- _Information supplied_
-- Opening Marker --

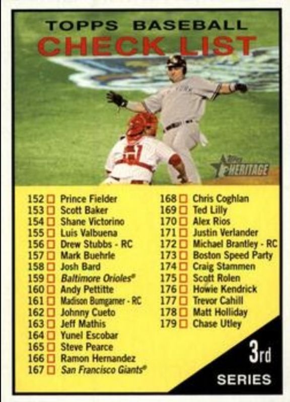 The Checklist 2010 Topps Heritage #189 Base card is 1 of 12 Checklist's card variations in the 2010 Topps Heritage set being tracked by Sports Card Investor, including #17 Base, #273 Base, #361 Base, #423 Base, and #437 Base.
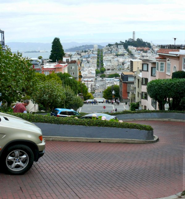 Lombard Street is een oost-west straat, die bekend staat als de meest bochtige
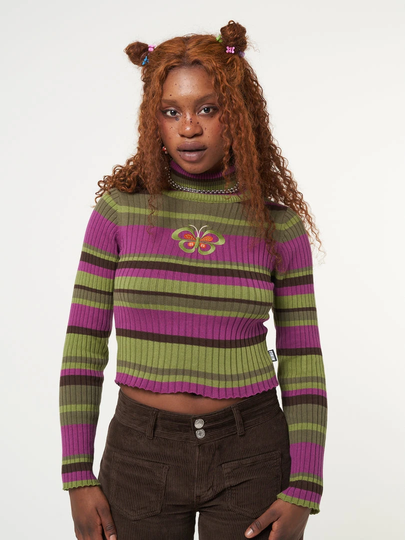 Minga London Clothing Butterfly Orchid Striped High Neck Ribbed Top

-- Closing Marker --

- _Problem description_
Your task is to restate word for word the lines from the top of the data to the line containing "Lombard Street is", both ends included, with every picture left out.

- _Finished task_
 The Checklist 2010 Topps Heritage #189 Base card is 1 of 12 Checklist's card variations in the 2010 Topps Heritage set being tracked by Sports Card Investor, including #17 Base, #273 Base, #361 Base, #423 Base, and #437 Base.
 Lombard Street is een oost-west straat, die bekend staat als de meest bochtige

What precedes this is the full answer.